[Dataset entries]
-.-.-
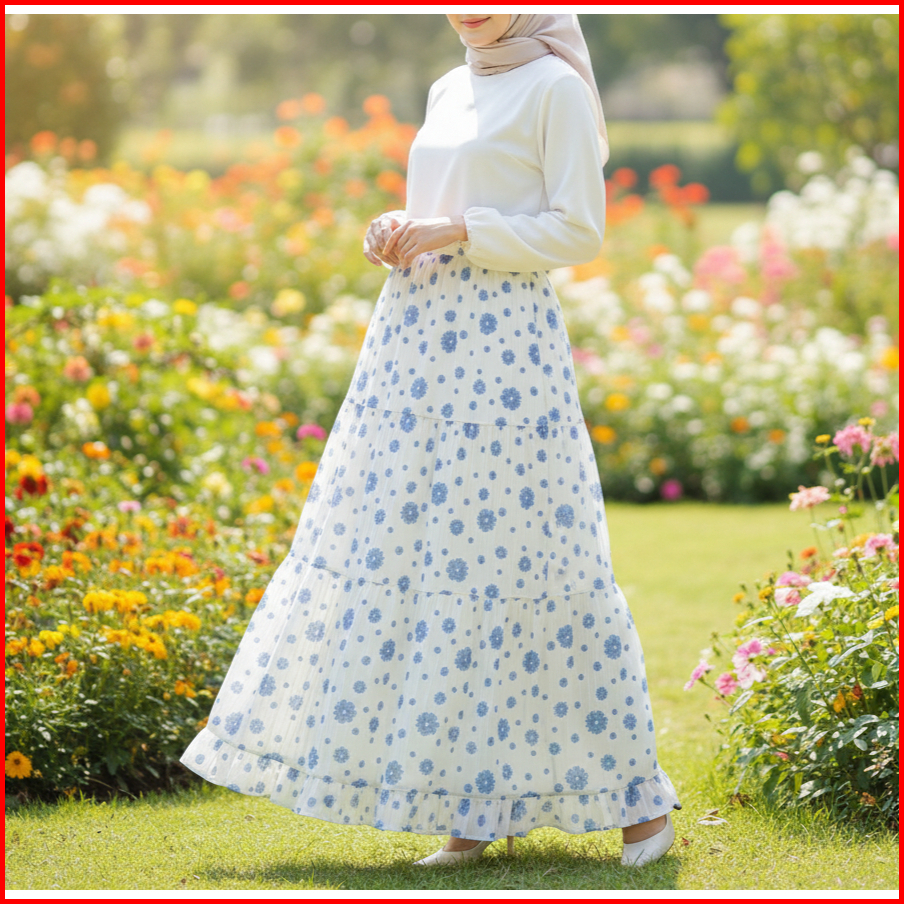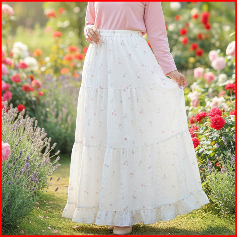 Rok Wanita Korea Style - Rok Maxi Panjang Motif Flower Model Kekinian
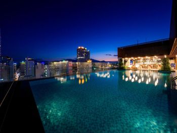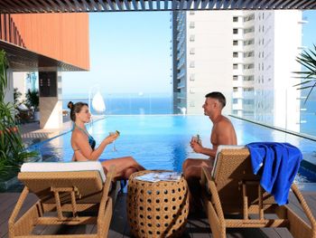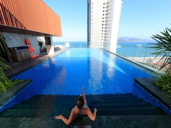 Бассейн на крыше просторный, вода чистая, есть лежаки, а рядом с бассейном есть бар, где можно заказать напиток.
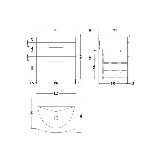 nuie Athena Wall Hung 2 Drawer Vanity With Curved 1 Tap Hole Ceramic Basin 500mm - Gloss Grey
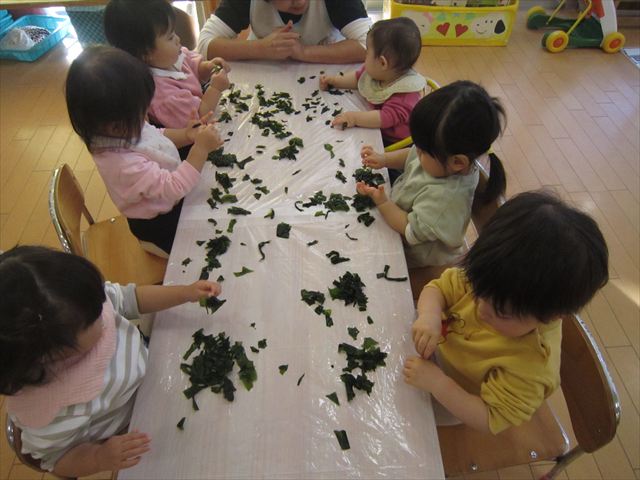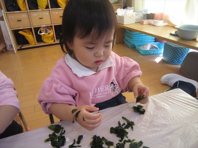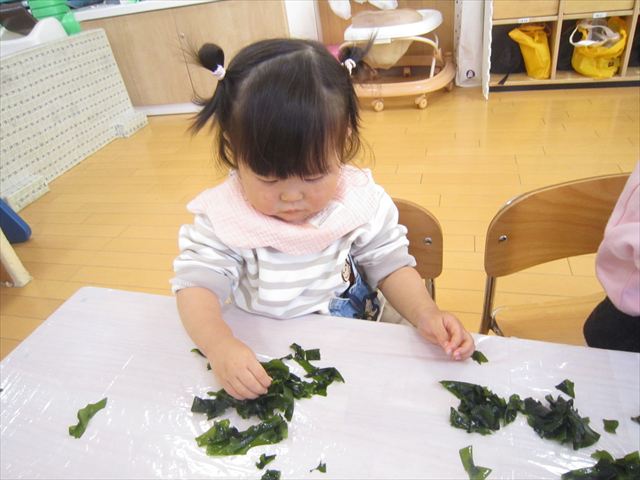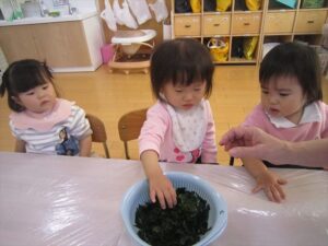ワカメを用いての感触遊び。
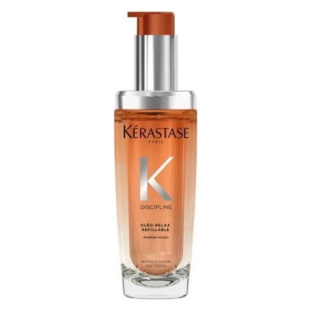 O Kérastase Oléo-Relax Recarregável é um óleo nutritivo para cabelos rebeldes e volumosos. Com o complexo Morpho-Huiles, controla o frizz, protege contra o calor até 230°C e confere um brilho extraordinário, agora num formato recarregável e sustentável.
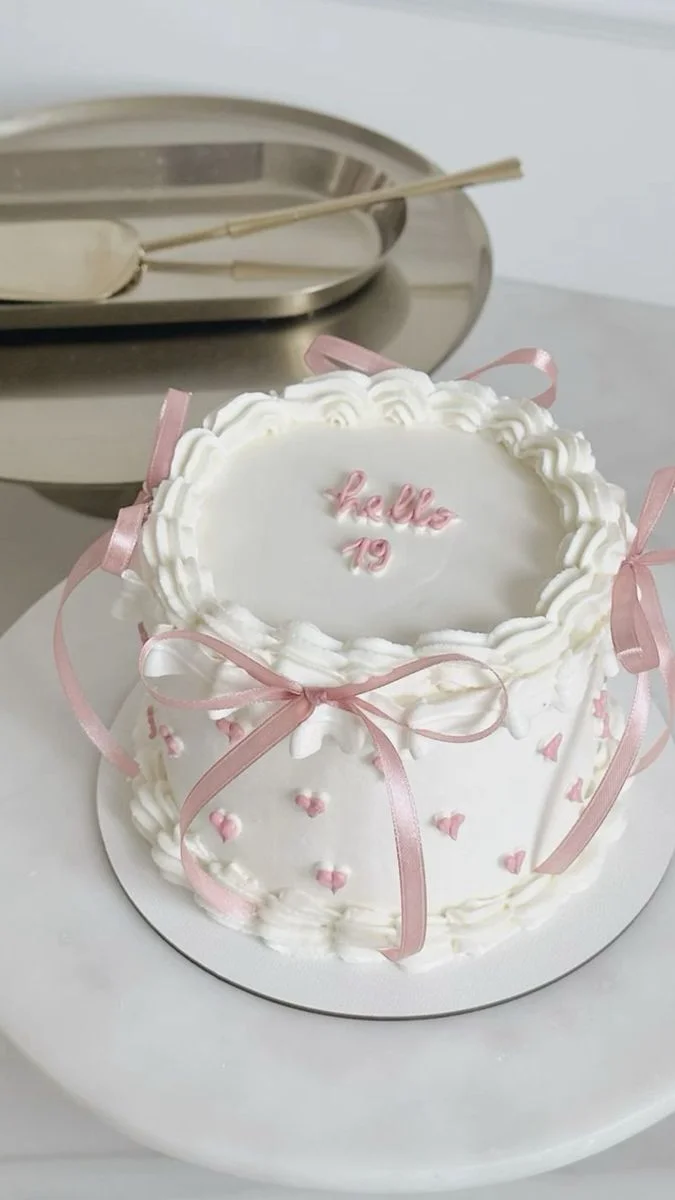 White minimalist cake with pink piped hearts, satin ribbons, and 'hello 19' message in pink icing.
-.-.-
• ASSIGNED TASK: Output only the lines above from the line that holds "ワカメを用いての感触遊び。" through the line that holds "O Kérastase Oléo-Relax", both ends included, and exclude pictures.

• REPLY TO THE TASK:
ワカメを用いての感触遊び。
 O Kérastase Oléo-Relax Recarregável é um óleo nutritivo para cabelos rebeldes e volumosos. Com o complexo Morpho-Huiles, controla o frizz, protege contra o calor até 230°C e confere um brilho extraordinário, agora num formato recarregável e sustentável.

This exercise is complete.